İstanbul Büyükşehir Belediyesi (İBB), 2023 yılında toplu taşıma ücretlerine %46.9 oranında bir zam talebinde bulundu. Ancak bu zam önerisi, İstanbul Ulaşım Koordinasyon Merkezi (UKOME) toplantısında oy çokluğuyla reddedildi. Bu karar, İstanbul’daki toplu ulaşım sisteminin mali durumu ve kullanıcıların ulaşım giderleri üzerindeki etkileri açısından önemli bir gelişme olarak değerlendiriliyor.

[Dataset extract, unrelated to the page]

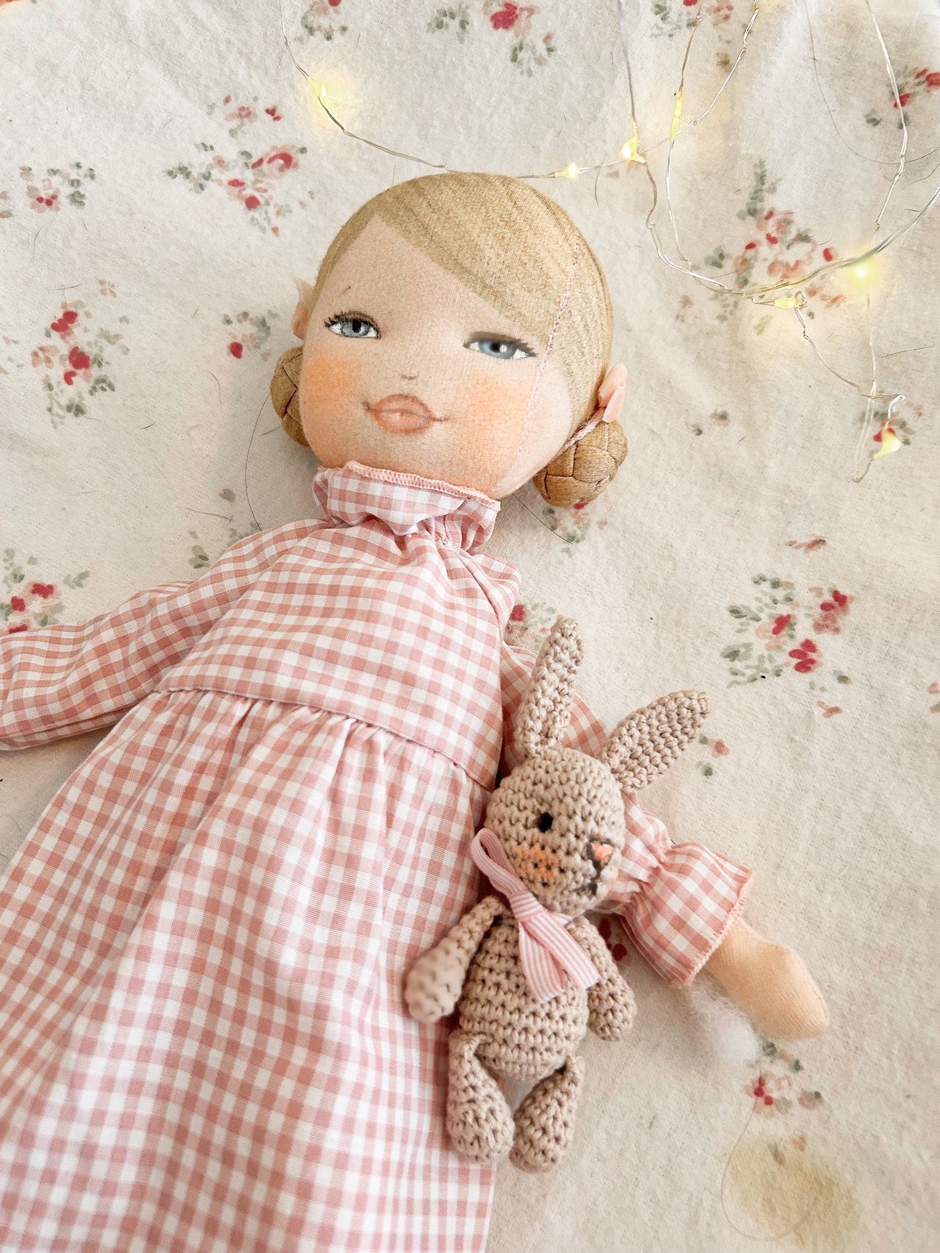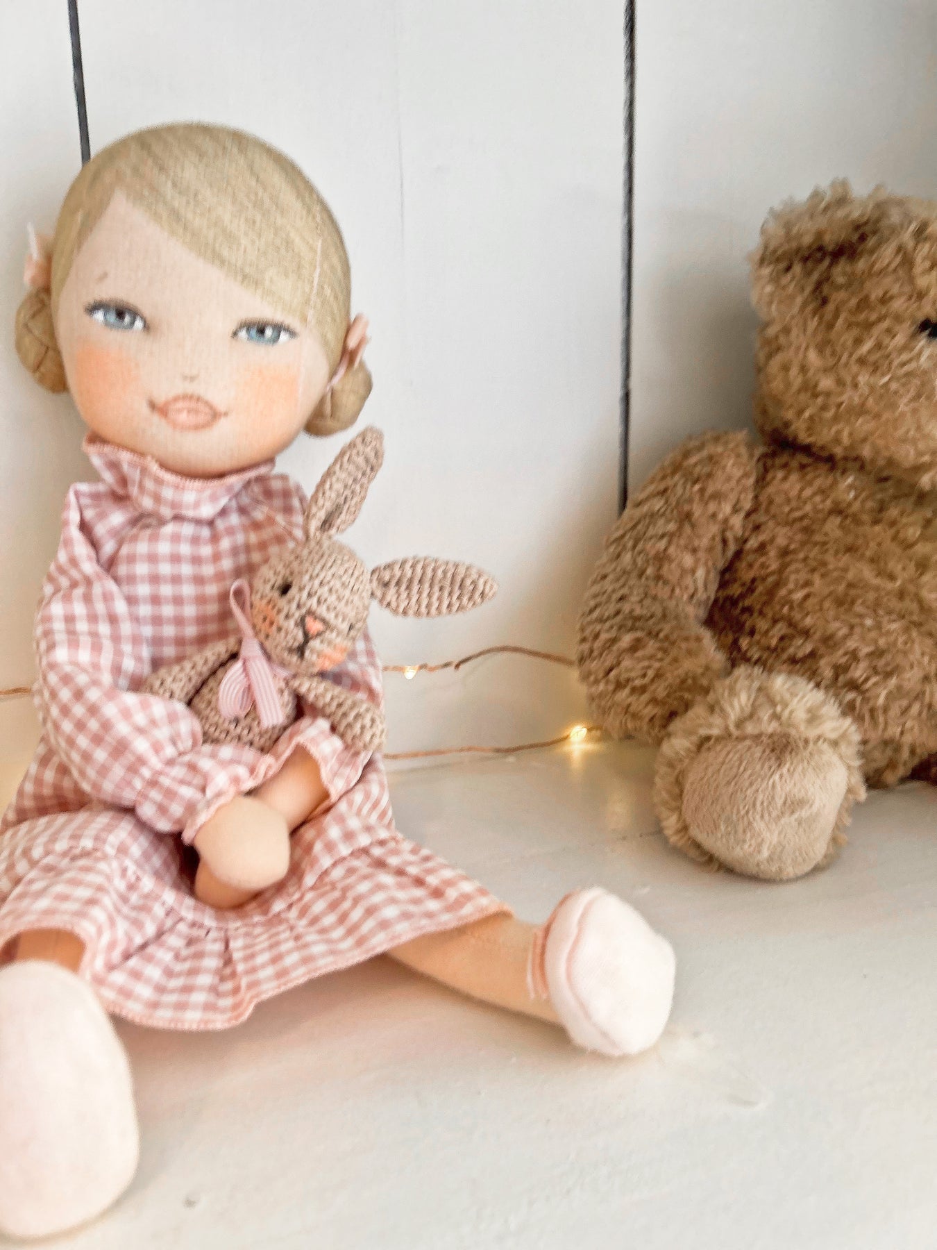 Mini Marguerite es una muñequita de tela con pelito rubio, ojos azules y moñitos trenzados. Con 36 cm, tiene el tamaño ideal para favorecer el juego y llevarla a todas partes.
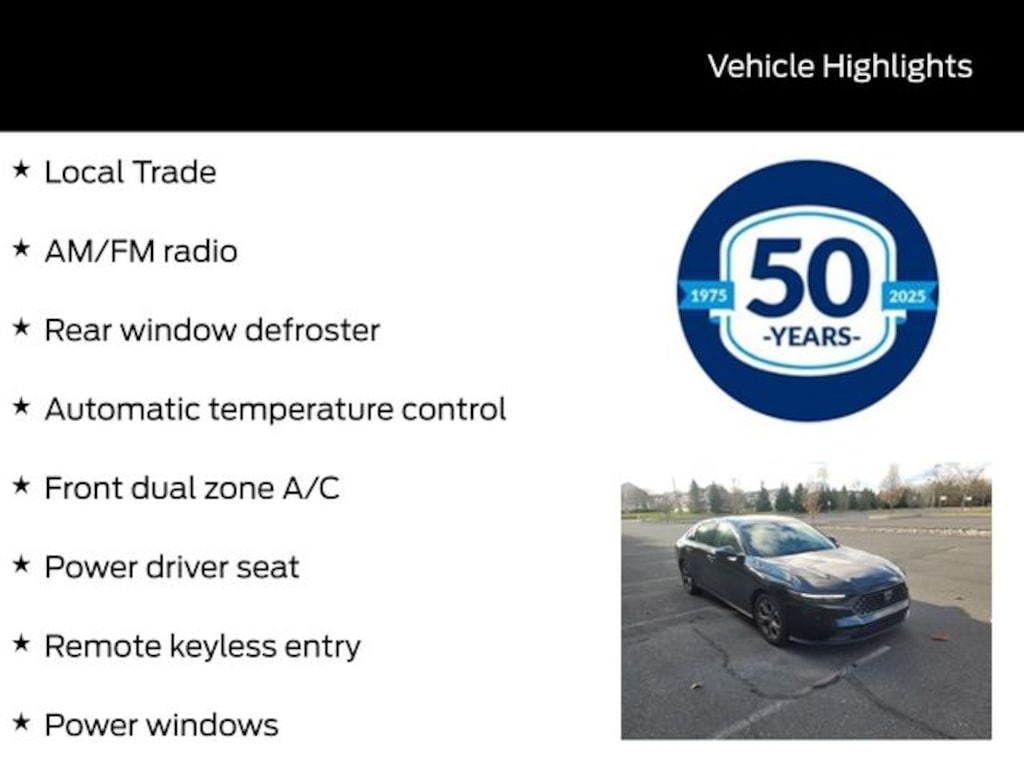 Recent Arrival! 2024 Honda Accord EX 1.5T I4 DOHC 16V Turbocharged VTEC CVT FWD 4D Sedan Crystal Black Pearl Local Trade, Alloy wheels, AM/FM radio, Apple CarPlay/Android Auto, Automatic temperature control, Exterior Parking Camera Rear, Fabric Seat Trim, Front Bucket Seats, Front dual zone A/C, Power door mirrors, Power driver seat, Power windows, Rear window defroster, Remote keyless entry, Speed control, Tilt steering wheel. 29/37 City/Highway MPG

UKOME, aldığı kararlarla şehir içi ulaşımın düzenlenmesinde önemli bir rol oynuyor. İstanbul’daki toplu taşıma tarifelerini belirleyen bu kuruluş, farklı paydaşların görüşlerini alarak en uygun çözümleri üretmeyi amaçlıyor. Ancak, İBB’nin önerisi, %46.9’luk zam oranının yüksek bulunması ve halkın tepkileri sebebiyle kabul edilmedi. Zamanla, ulaşım maliyetlerinin artış göstermesi ve bununla birlikte halkın alım gücündeki düşüş, UKOME’nin bu kararda etkili olmuş olabileceği tahmin ediliyor.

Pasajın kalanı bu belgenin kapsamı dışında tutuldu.